▶ [Goal of the exercise] Return all of the data verbatim, dropping any picture.

START Available data

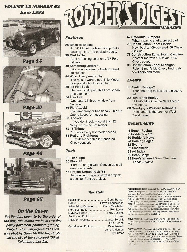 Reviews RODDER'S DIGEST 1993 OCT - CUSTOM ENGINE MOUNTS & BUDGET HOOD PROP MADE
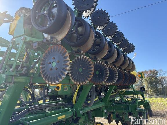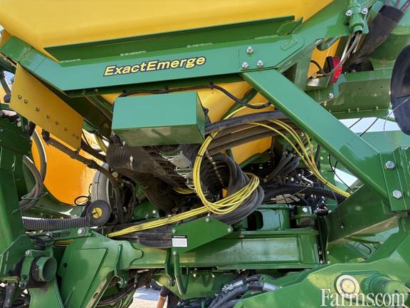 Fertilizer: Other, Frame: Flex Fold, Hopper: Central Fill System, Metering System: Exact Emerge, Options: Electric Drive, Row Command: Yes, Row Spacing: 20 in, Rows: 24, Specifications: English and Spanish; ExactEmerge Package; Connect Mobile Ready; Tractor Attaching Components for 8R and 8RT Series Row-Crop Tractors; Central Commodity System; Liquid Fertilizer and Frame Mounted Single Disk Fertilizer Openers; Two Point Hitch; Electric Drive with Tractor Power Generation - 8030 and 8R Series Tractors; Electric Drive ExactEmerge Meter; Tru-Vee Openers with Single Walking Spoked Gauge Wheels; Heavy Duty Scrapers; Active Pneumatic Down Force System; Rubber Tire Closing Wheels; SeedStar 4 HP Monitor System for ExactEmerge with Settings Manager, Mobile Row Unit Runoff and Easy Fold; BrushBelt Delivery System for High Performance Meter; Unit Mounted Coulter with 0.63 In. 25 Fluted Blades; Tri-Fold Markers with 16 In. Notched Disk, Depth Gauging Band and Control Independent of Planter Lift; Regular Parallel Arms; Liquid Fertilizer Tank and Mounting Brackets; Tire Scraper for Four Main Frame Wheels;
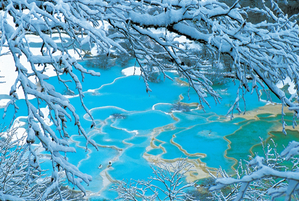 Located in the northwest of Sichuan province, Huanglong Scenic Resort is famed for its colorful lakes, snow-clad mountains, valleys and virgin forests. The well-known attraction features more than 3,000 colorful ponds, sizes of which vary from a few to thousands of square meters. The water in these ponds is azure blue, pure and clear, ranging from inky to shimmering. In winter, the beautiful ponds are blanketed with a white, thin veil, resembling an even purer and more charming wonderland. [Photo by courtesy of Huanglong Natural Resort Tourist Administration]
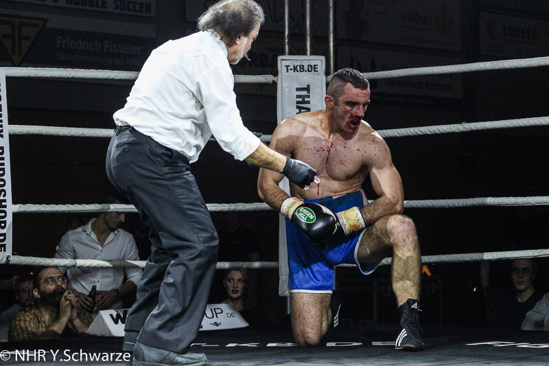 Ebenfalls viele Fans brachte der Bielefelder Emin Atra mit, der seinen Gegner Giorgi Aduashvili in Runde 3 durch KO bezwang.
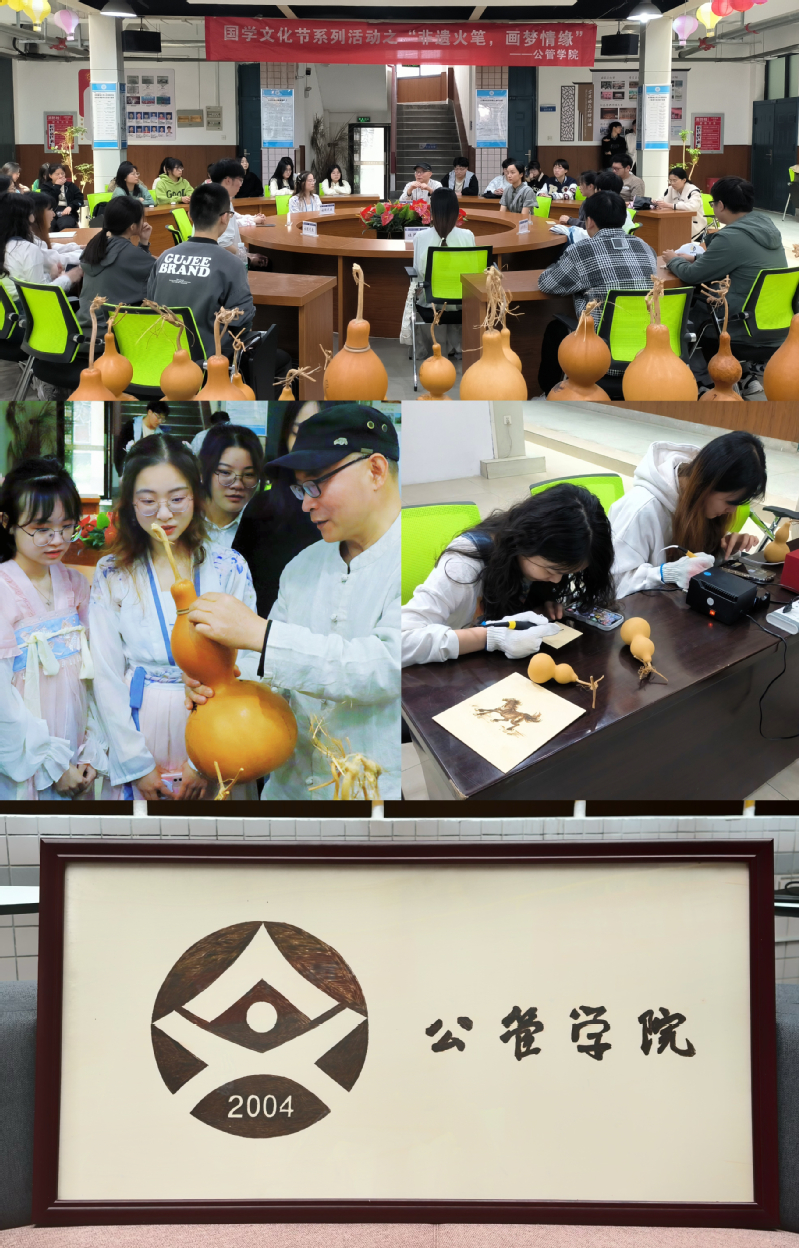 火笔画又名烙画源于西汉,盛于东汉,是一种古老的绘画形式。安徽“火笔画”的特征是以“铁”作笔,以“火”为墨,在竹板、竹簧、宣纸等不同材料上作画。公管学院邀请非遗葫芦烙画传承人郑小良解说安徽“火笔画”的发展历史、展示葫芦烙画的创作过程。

END Available data

▶ [Answer below]
 Reviews RODDER'S DIGEST 1993 OCT - CUSTOM ENGINE MOUNTS & BUDGET HOOD PROP MADE
 Fertilizer: Other, Frame: Flex Fold, Hopper: Central Fill System, Metering System: Exact Emerge, Options: Electric Drive, Row Command: Yes, Row Spacing: 20 in, Rows: 24, Specifications: English and Spanish; ExactEmerge Package; Connect Mobile Ready; Tractor Attaching Components for 8R and 8RT Series Row-Crop Tractors; Central Commodity System; Liquid Fertilizer and Frame Mounted Single Disk Fertilizer Openers; Two Point Hitch; Electric Drive with Tractor Power Generation - 8030 and 8R Series Tractors; Electric Drive ExactEmerge Meter; Tru-Vee Openers with Single Walking Spoked Gauge Wheels; Heavy Duty Scrapers; Active Pneumatic Down Force System; Rubber Tire Closing Wheels; SeedStar 4 HP Monitor System for ExactEmerge with Settings Manager, Mobile Row Unit Runoff and Easy Fold; BrushBelt Delivery System for High Performance Meter; Unit Mounted Coulter with 0.63 In. 25 Fluted Blades; Tri-Fold Markers with 16 In. Notched Disk, Depth Gauging Band and Control Independent of Planter Lift; Regular Parallel Arms; Liquid Fertilizer Tank and Mounting Brackets; Tire Scraper for Four Main Frame Wheels;
 Located in the northwest of Sichuan province, Huanglong Scenic Resort is famed for its colorful lakes, snow-clad mountains, valleys and virgin forests. The well-known attraction features more than 3,000 colorful ponds, sizes of which vary from a few to thousands of square meters. The water in these ponds is azure blue, pure and clear, ranging from inky to shimmering. In winter, the beautiful ponds are blanketed with a white, thin veil, resembling an even purer and more charming wonderland. [Photo by courtesy of Huanglong Natural Resort Tourist Administration]
 Ebenfalls viele Fans brachte der Bielefelder Emin Atra mit, der seinen Gegner Giorgi Aduashvili in Runde 3 durch KO bezwang.
 火笔画又名烙画源于西汉,盛于东汉,是一种古老的绘画形式。安徽“火笔画”的特征是以“铁”作笔,以“火”为墨,在竹板、竹簧、宣纸等不同材料上作画。公管学院邀请非遗葫芦烙画传承人郑小良解说安徽“火笔画”的发展历史、展示葫芦烙画的创作过程。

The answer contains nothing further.